Although no new nuclear power plants have come online in the United States since 1996, capacity continues to grow incrementally as operators refurbish existing units and minimize refueling outages. The additional capacity impacts gas-fired generating units as they typically are the marginal source of power, analysts at Barclays Capital noted.

"Monthly nuclear generation in 2008 averaged 67,182 GWh, well above 2000 levels of 62,824 GWh," the analysts wrote in a recent research note. "If the entirety of nuclear's gains displace natural gas, it equals roughly 1 Bcf/d in lost gas demand over these nine years. The potential for further nuclear gains is limited without capacity increases as utilization is bumping against constraints. Still, there is potential for nuclear to increase marginally, nibbling at the generation share of gas."

In addition to incremental capacity gains, the nuclear industry also saw the restart of the Tennessee Valley Authority's Browns Ferry Unit 1 near Athens, AL, in May 2007. The plant, if it operates similarly to others, can contribute 1,050 average megawatts (aMW) during the course of a year, Barclays noted, making for up to 190 MMcf/d of lost gas demand.

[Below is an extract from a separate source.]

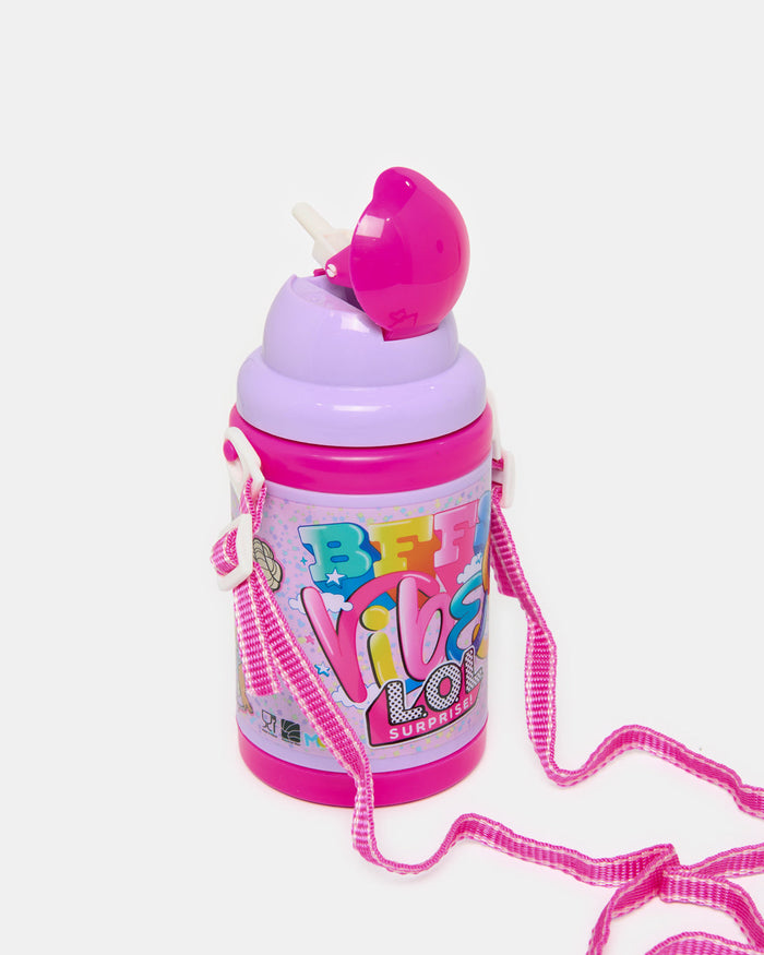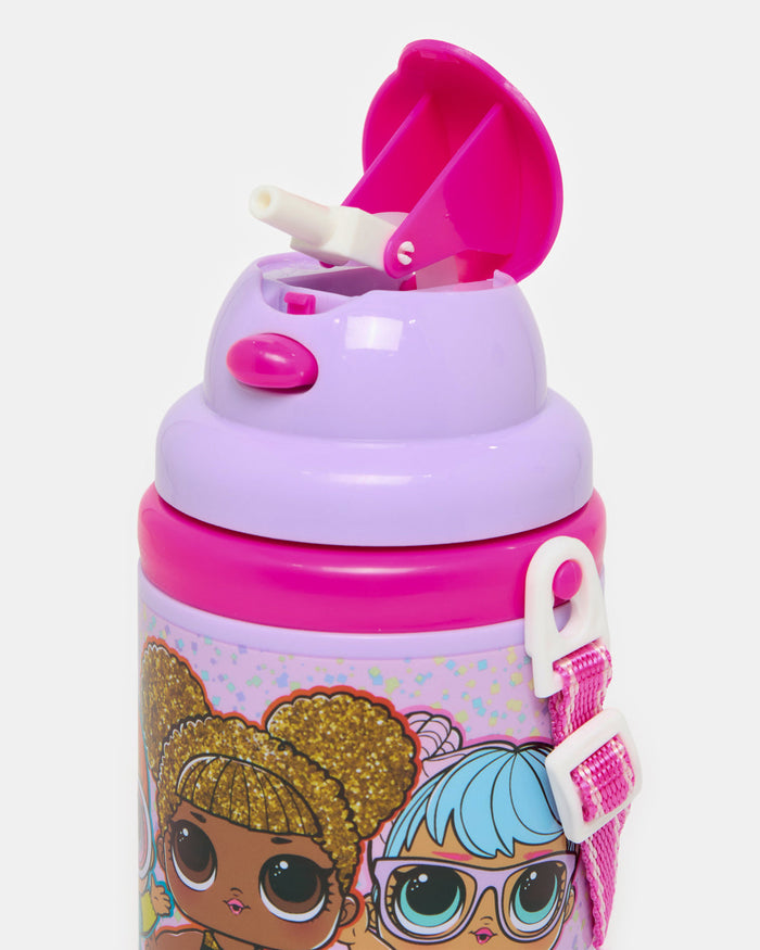 زجاجة ماء بطبعة لول سربرايز باللون الوردي للبنات
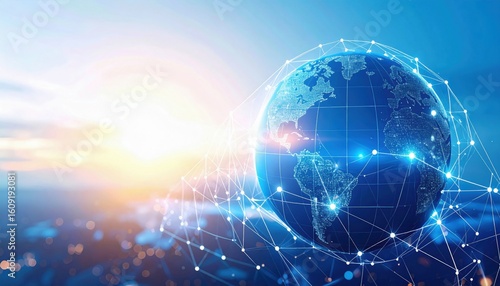 © Nopadon, Obraz premium A glowing digital globe with network connections represents global communication and technology integration against a blurred cityscape at sunrise.

"From 2003 to 2007, in aggregate (and excluding the increase reported in Browns Ferry Unit 1), the U.S. nuclear plant fleet added 1,268 MW of capacity from the same number of plants," the analysts noted.

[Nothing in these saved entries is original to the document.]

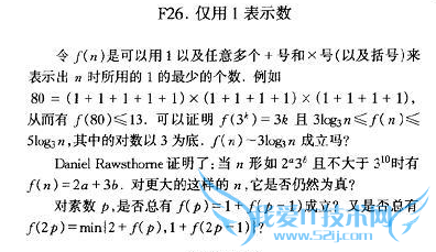 仅用1表示数即只用1通过加法和乘法以及括号来表示自然数,对于给定的自然数n,用1来表示时,1的最少个数记为f(n).Richard K·Guy提出数学猜想:对于给定的素数p,f(p)=f(p-1)+1是否成立.很考验毅力
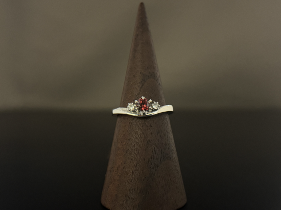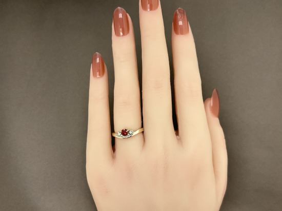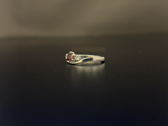 ・宝石:両脇2mm(ホワイトトパーズ), 中央4mm(ガーネット)←1月誕生石!
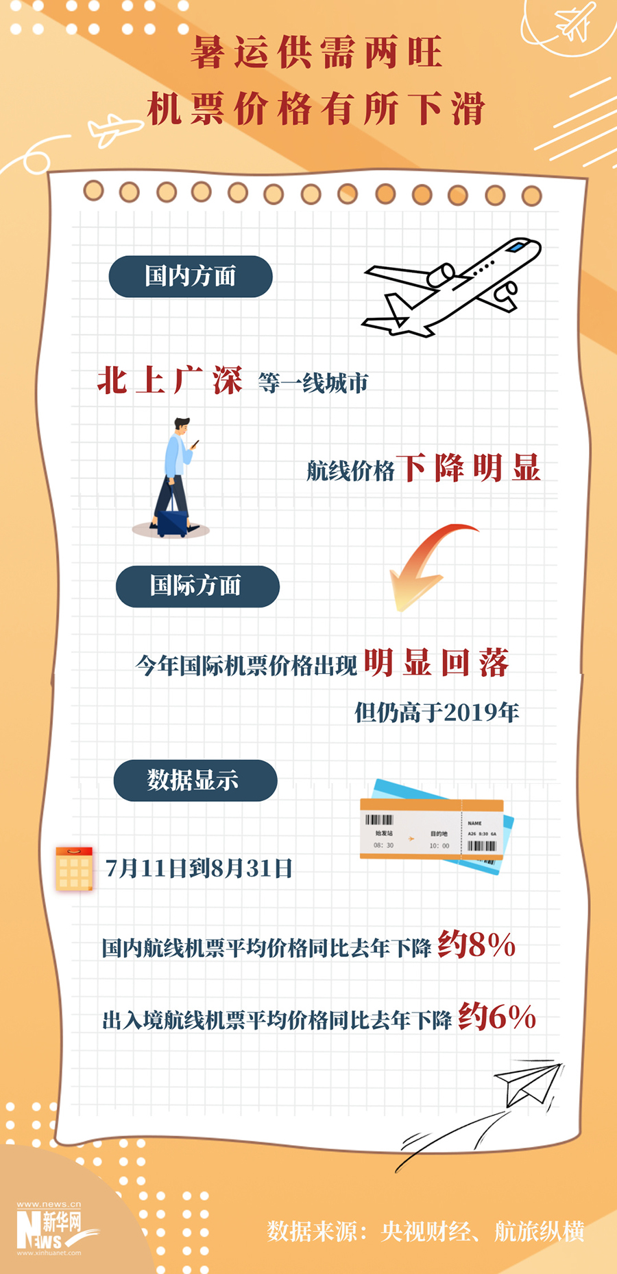 ??今年民航暑運(yùn)呈現(xiàn)出“供需兩旺”的格局,國(guó)內(nèi)及國(guó)際機(jī)票價(jià)格都有一定的回落。
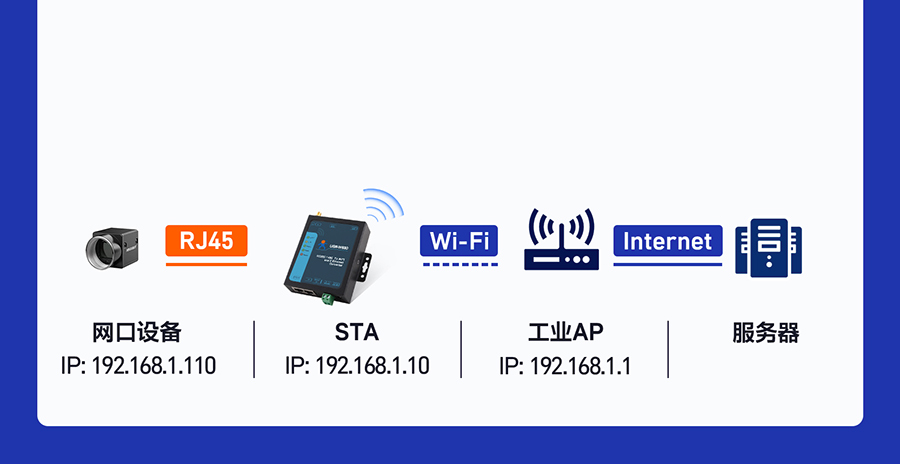 USR-w630作為STA使用,通過Wi-Fi連接其他AP設備(如路由器),實現
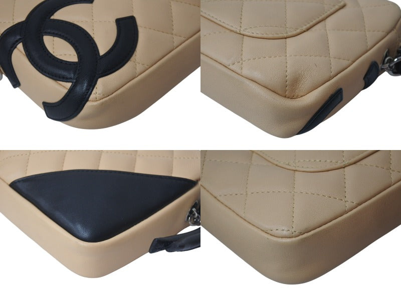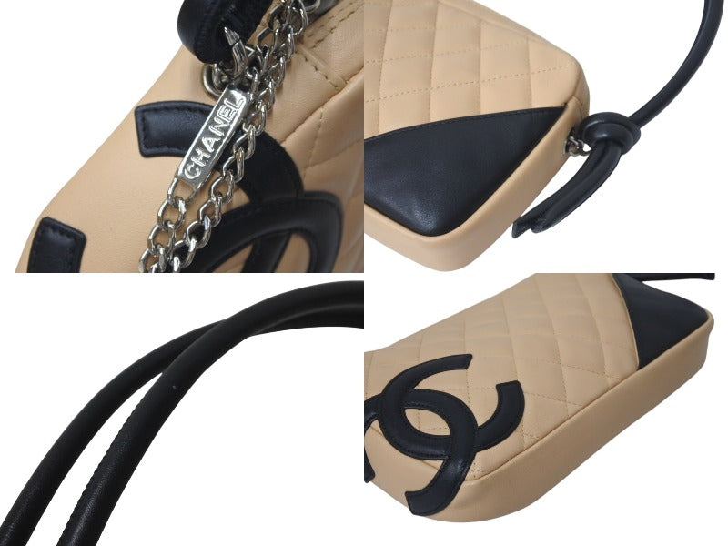 極美品 CHANEL シャネル ポーチ ハンドバッグ カンボンライン ココマーク 9番台 ラムスキン ベージュ ブラック 中古 4c074402
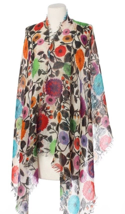 Piękny elegancki duży szal Laura Verdiani wykonany z cienko tkanej lekkiej wełny najwyższej jakości. Szal jest lekki, całoroczny. Cyfrowy nadruk.
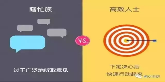 缺乏決斷力是瞎忙族的通病,做事害怕犯錯,行動(dòng)時(shí)畏首畏尾。為了讓所有人滿(mǎn)意,過(guò)于廣泛地(甚至是毫無(wú)必要地)征求意見(jiàn),結果必然是眾口難調,導致更加難以決策。而高效的人明白,行動(dòng)力才是決定成敗的關(guān)鍵,沒(méi)有行動(dòng),一切都是零。他們會(huì )適當聽(tīng)取意見(jiàn),但是更相信自己的判斷,下定決心之后,快速地行動(dòng)起來(lái)!用行動(dòng)贏(yíng)得成功和夢(mèng)想!
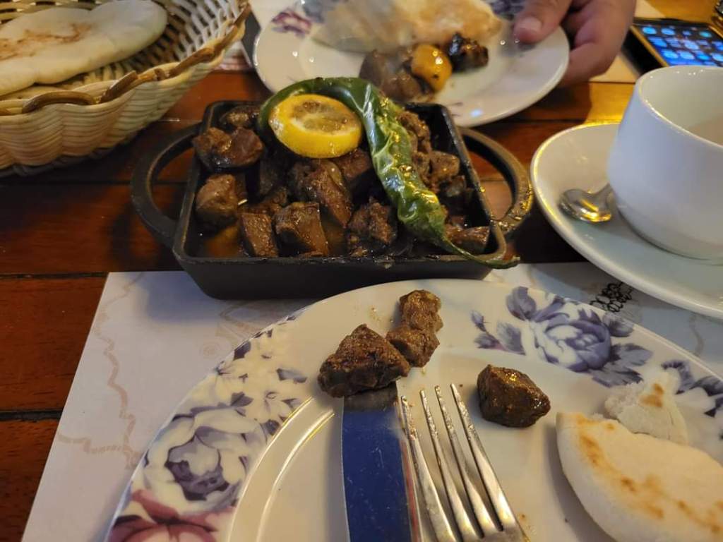 The night-time experience at Souq Waqif was a lot more vibrant and lively compared to our daytime visit, although it felt overwhelmingly crowded at some points too. We ended our experience there with a delicious dinner at a Syrian restaurant. We especially enjoyed the hot and fresh pita (Arab flatbread), and dome-shaped grilled kibbeh (bulgur pastry) filled with minced meat, nuts, and pomegranate. We shared the dishes we ordered including the lamb liver appetizer and the mixed grilled meats main dish.

Additionally, utilization is up due to shorter and less frequent outages for plant refueling; unplanned outages have been reduced as well, they said. "In 2000, utilization averaged just 88.4% versus 91.5% in 2008."

However, while nuclear plants can be run at progressively higher utilization rates as the industry matures, they may be approaching a plateau or even see declining utilization rates in coming years, energy analysts with Raymond James & Associates Inc. said in September (see NGI, Sept. 28).

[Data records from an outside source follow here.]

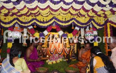 Photo Caption : Devotees offering pooja at Sri Govardhana Kshetra Temple, on the occasion of Sri Krishna Janmashtami, in Bengaluru on Friday 19th August 2022
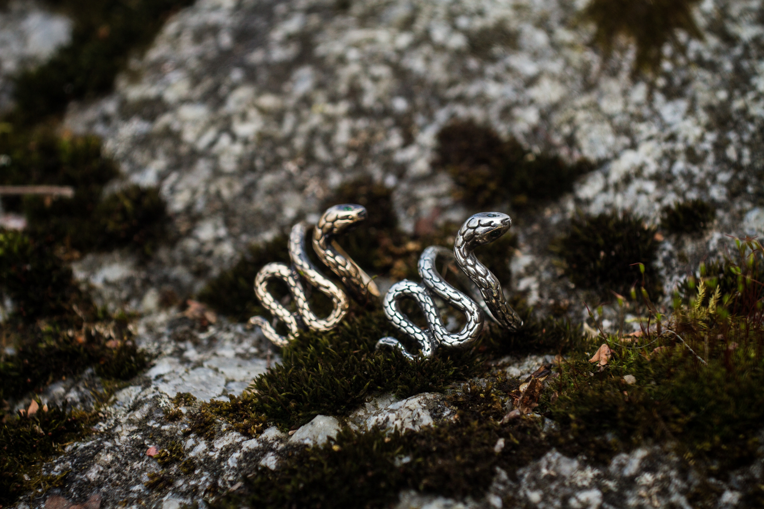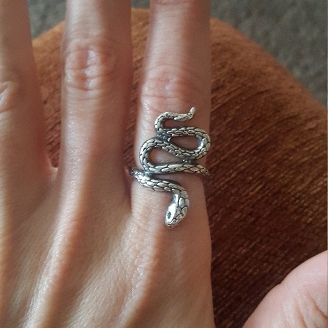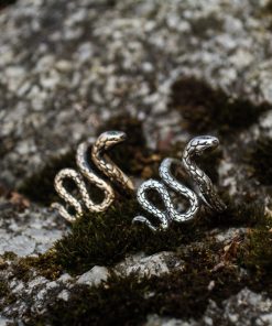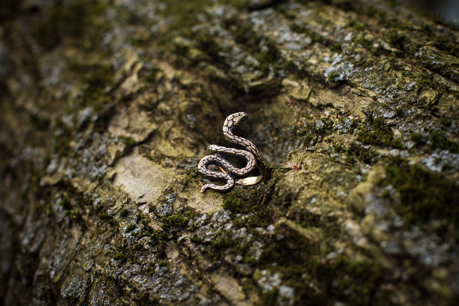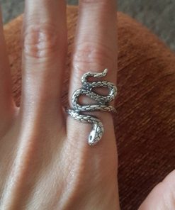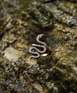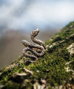 The Snake ring can be made from Bronze or Sterling silver. It is coated with decorative blackening to emphasize the texture and adorned with green cubic zirconia stones.
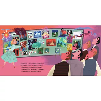 本書是由曾經在迪士尼擔任藝術家的布莉吉.巴拉傑進行插畫設計,全書繽紛鮮明的圖像,彷彿重現了瑪莉的藝術世界,完美描繪出瑪莉對生活的熱情與堅持。翻開本書,可以看見好多好多的色彩,檸檬黃、海藍色、淡紫色、赤褐色、灰綠色、櫻桃紅、翡翠綠……你喜歡哪一個?
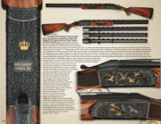 prey swooping on a trio of gold mallards on the right all bordered by a gold inlaid line. The toplever shows a gold inlaid coronet as does the underside of the action just
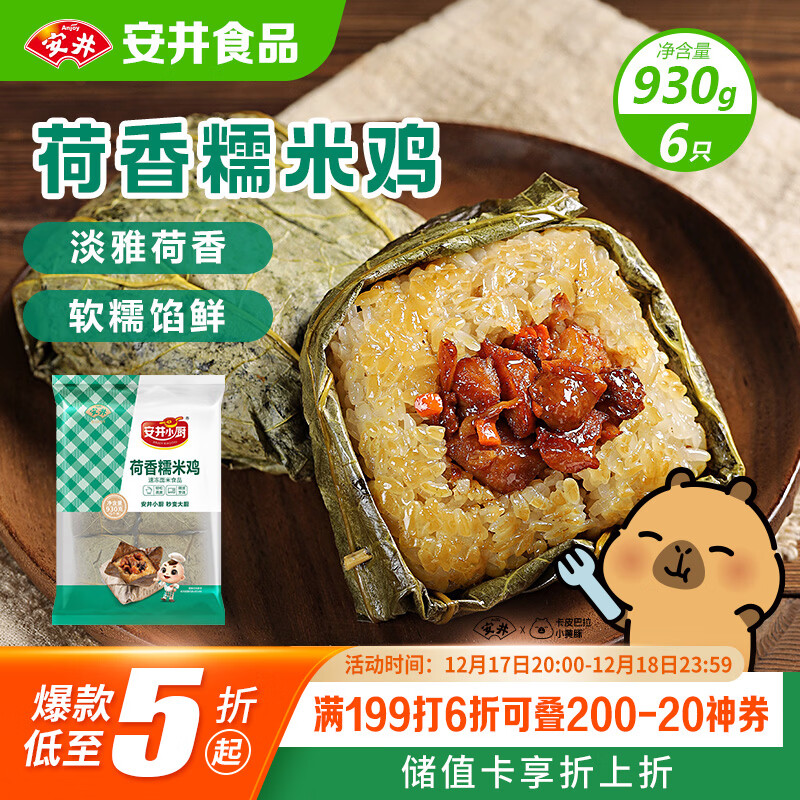安井 荷香糯米鸡 930g 6只装 广式荷叶鸡饭团 速冻面点 早餐半成品
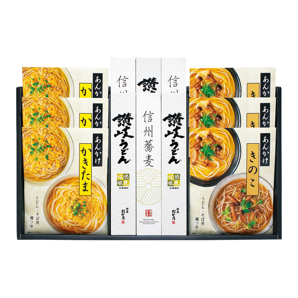 讃岐うどん・信州戸隠そば各80g×3、あんかけ(かきたま・きのこ)各200g×3
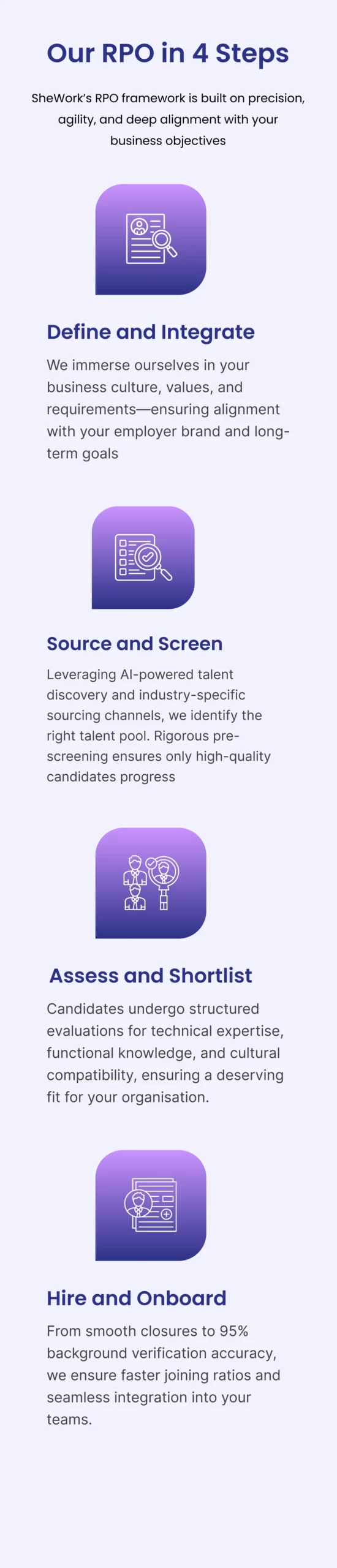 RPO with SheWork is not just about filling vacancies, it’s about building high-performing, future-ready teams that deliver business outcomes

And the Barclays analysts conceded that it's impossible to tell whether generators other than gas-fired units are also displaced by the nuclear capacity. "In fact, gas-fired generation has increased through the decade, boosted primarily by capacity additions and growing demand," they wrote.

Earlier this year gas-fired generators were able to take a bite out of coal-fired capacity as depressed natural gas prices made gas-fired units more economic than coal plants, as noted by Barclays and others (see NGI, Sept. 21).